Ressalta-se que é esperado que os alunos que ocupam as cadeiras mais próximas ao professor relatem menos queixas em relação a ouvi-lo e compreendê-lo, do que aqueles que sentam-se no fundo da sala(3). Contudo, isso não se confirmou no presente estudo, pois, quando comparado o local habitual em que os alunos se sentavam (frente, meio, fundo) não se obteve diferença entre eles, nas variáveis “interferência da compreensão do professor”, “prejuízo no aprendizado ou nas notas” e “ouvir bem a voz do professor”.
Poucas investigações buscaram estudar a perspectiva dos estudantes diante do ruído em sala de aula, inviabilizando, parcialmente, a comparação dos resultados da presente pesquisa com aqueles da literatura da área. Mais do que um obstáculo, esta deve ser uma oportunidade para a realização de novas pesquisas que elejam os alunos como sujeitos e os considerem como parte integrante e indispensável do processo ensino-aprendizagem. É importante, também, que seja considerada a disposição dos alunos em gerar mudanças, de modo que as instituições de ensino, em especial as universidades, sejam locais de fomento à mudanças visando o ensino de excelência e a qualidade de vida.
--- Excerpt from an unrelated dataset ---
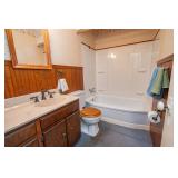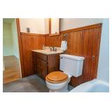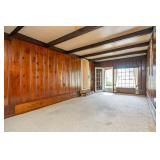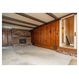 Built in 1935 with addition, this aluminum-sided ranch bungalow offers a functional floor plan providing plenty of natural light and charm throughout, complimented by paned windows, hardwood floors, wood walls and beam ceilings. The first floor features a cozy family room with knotty pine walls, faux wood beam ceiling and masonry fireplace, a spacious kitchen with breakfast bar and dining area, main bedroom with full bath, three additional bedrooms - one with covered porch, and a full bath nearby. The lower level has 696 square feet and includes a laundry area and plenty of storage. The home is equipped with natural gas heat, central air, natural gas water heater, and has a whole house Generac 11KW generator.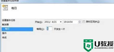 3、我们选任务执行时间,如果每天要定时关机可选择“每天”;要是每个星期中有几天不需要关机的可选择“星期”;至于“每月”不推荐选择,由于时间跨度太大,一般人用不到此功能,小编这选择的是“每天”;如图所示:

Os alunos classificam a universidade como ruidosa e eles próprios se consideram a maior fonte deste ruído, que é valorado como de média intensidade e desagradável e considerado fator comprometedor do processo ensino-aprendizagem. Percebem seu papel nesse contexto e mostram-se proativos na criação de um ambiente favorável ao aprendizado.
Novas pesquisas, nesta perspectiva, poderiam trazer mais dados sobre o efeito do ruído das escolas, em especial no terceiro grau.